A Washington Post (WaPo) story “Super Typhoon Sinlaku is threatening the Western Pacific,” suggests the size and severity of that early storm may signal an active season ahead. This is correct. The article properly identifies natural atmospheric and oceanic factors, particularly El Niño conditions and low wind shear, as the primary drivers behind the storm’s intensity.

Unlike many climate stories that reflexively attribute extreme weather to anthropogenic warming, WaPo focuses on meteorology. The article explains that Sinlaku intensified due to “extremely warm waters,” “weak wind shear,” “moist air,” and strong upper-level divergence. Those are the classic ingredients for rapid intensification, well understood in tropical cyclone science long before climate attribution became fashionable.

Importantly, the piece notes that the season is expected to be anomalously active because of a burgeoning El Niño. El Niño events redistribute heat across the Pacific, reduce vertical wind shear in parts of the basin, and often enhance typhoon development in the Western Pacific. That is natural variability operating within the coupled ocean-atmosphere system.

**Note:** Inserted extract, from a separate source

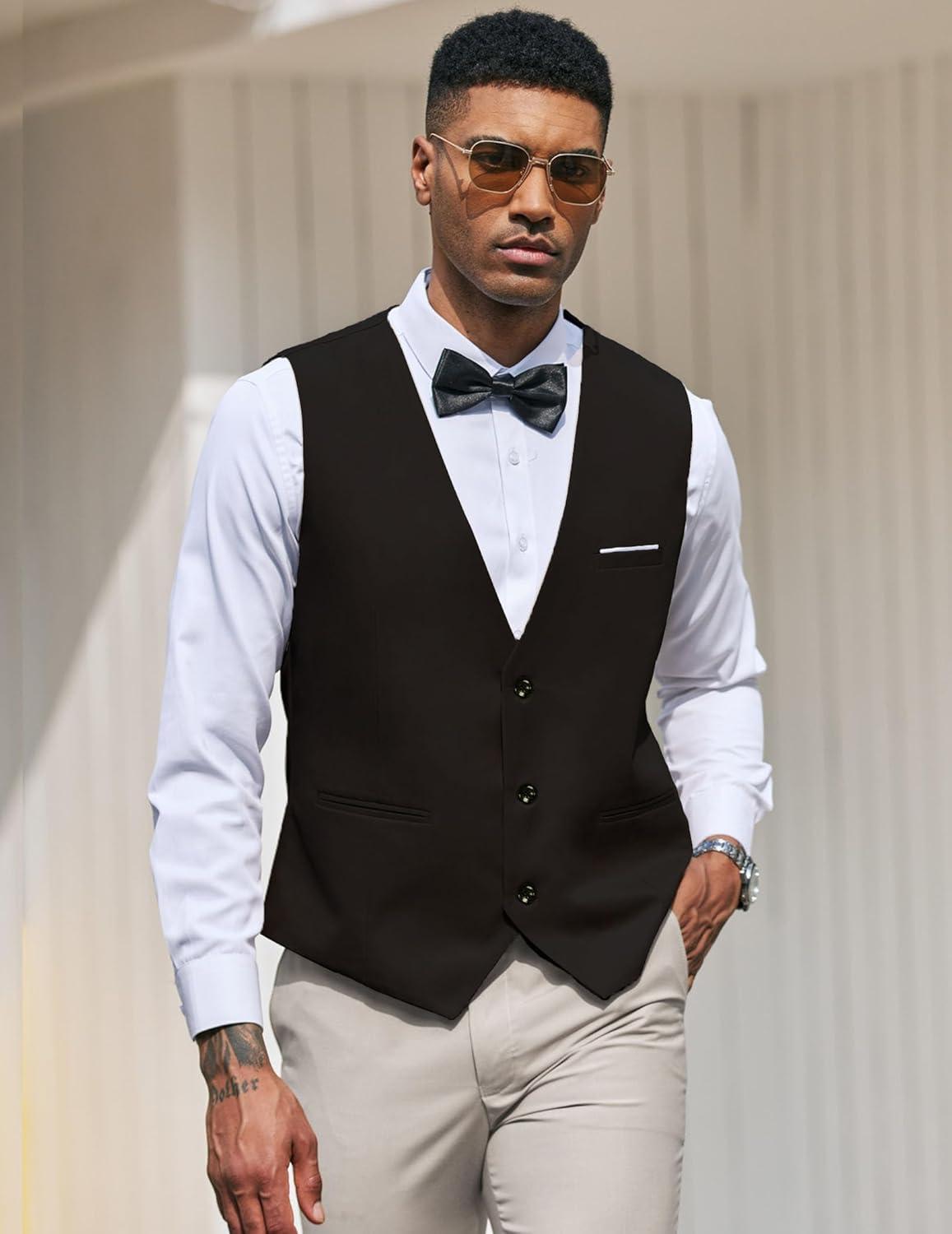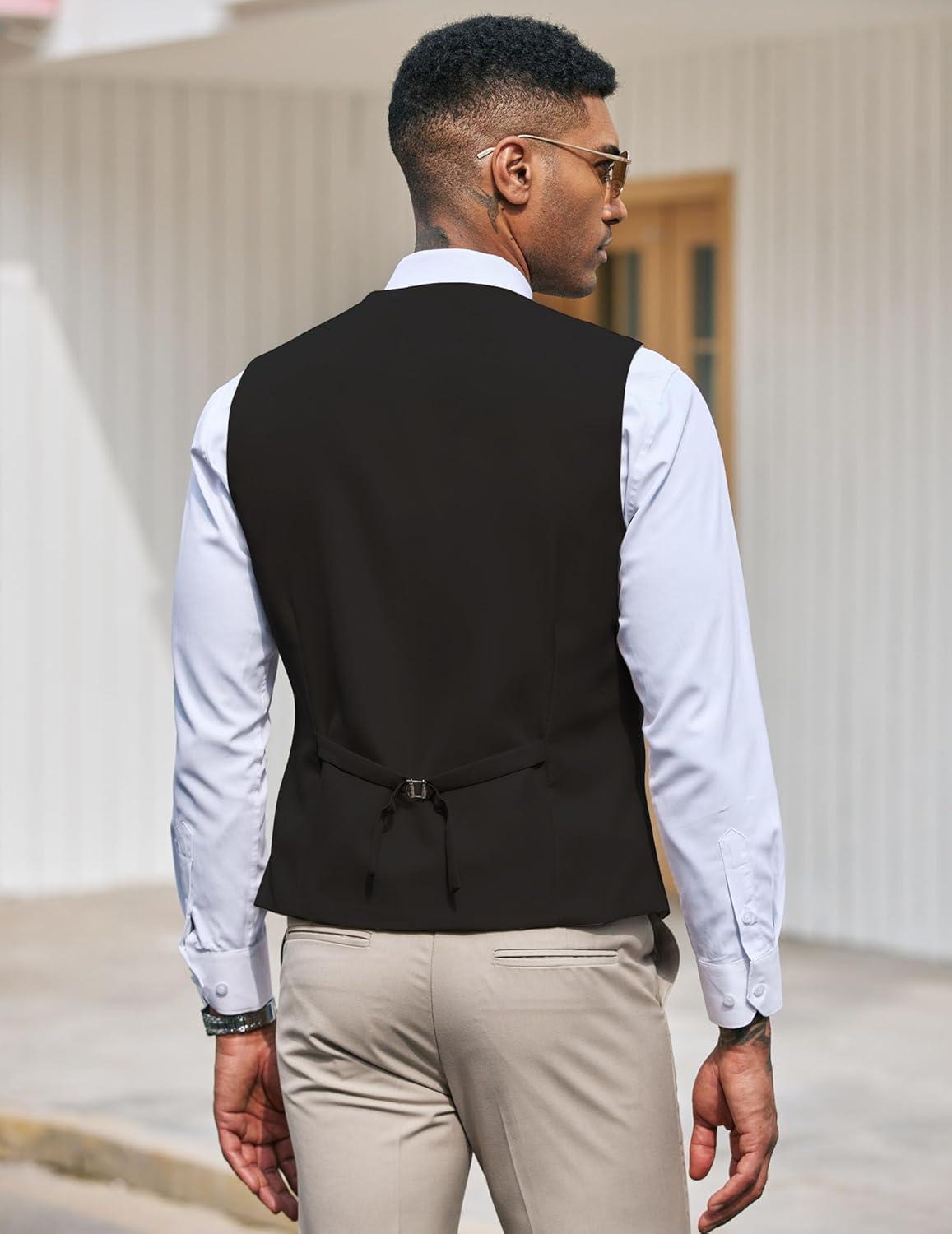 COOFANDY Men's Suit Vest Slim Fit Formal Dress Waistcoat Casual Business Vests for Suit or Tuxedo(Black)

The article also highlights the rarity of Category 5-equivalent storms, noting that only 0.05 percent of Earth’s surface experiences such intensity in a given year. That statistical context matters. Extreme storms are, by definition, rare.

If this year produces more powerful typhoons, the scientifically grounded explanation will center on El Niño strength, anomalously warm regional sea surface temperatures, and reduced wind shear, not abstract slight changes in global average temperature. Tropical cyclone intensity depends heavily on local ocean heat content and atmospheric structure. Wind shear, in particular, can make or break a storm. A calm upper atmosphere allows storms to stack vertically and intensify. Strong shear tears them apart.

WaPo correctly describes how calm antecedent conditions enabled Sinlaku’s rapid intensification. That is textbook hurricane dynamics.

For decades, scientists have recognized that El Niño–Southern Oscillation cycles modulate tropical cyclone activity. Some El Niño years enhance Western Pacific activity while suppressing Atlantic storms. Other years reverse the pattern. These oscillations operate independently of long-term greenhouse gas trends.

The article does not exaggerate. It does not declare the storm proof of runaway climate catastrophe. It does not convert one super typhoon into a planetary verdict. Instead, it explains the atmospheric ingredients and seasonal context.

That restraint deserves recognition.

If more powerful storms develop this season, the most likely drivers will be El Niño amplification and reduced wind shear environments, both well-established natural phenomena. Recognizing that reality is not climate denial. It is meteorological literacy.

Credit where it is due. The Washington Post reported on a dangerous storm without turning it into a climate morality play. That is how extreme weather coverage should be done.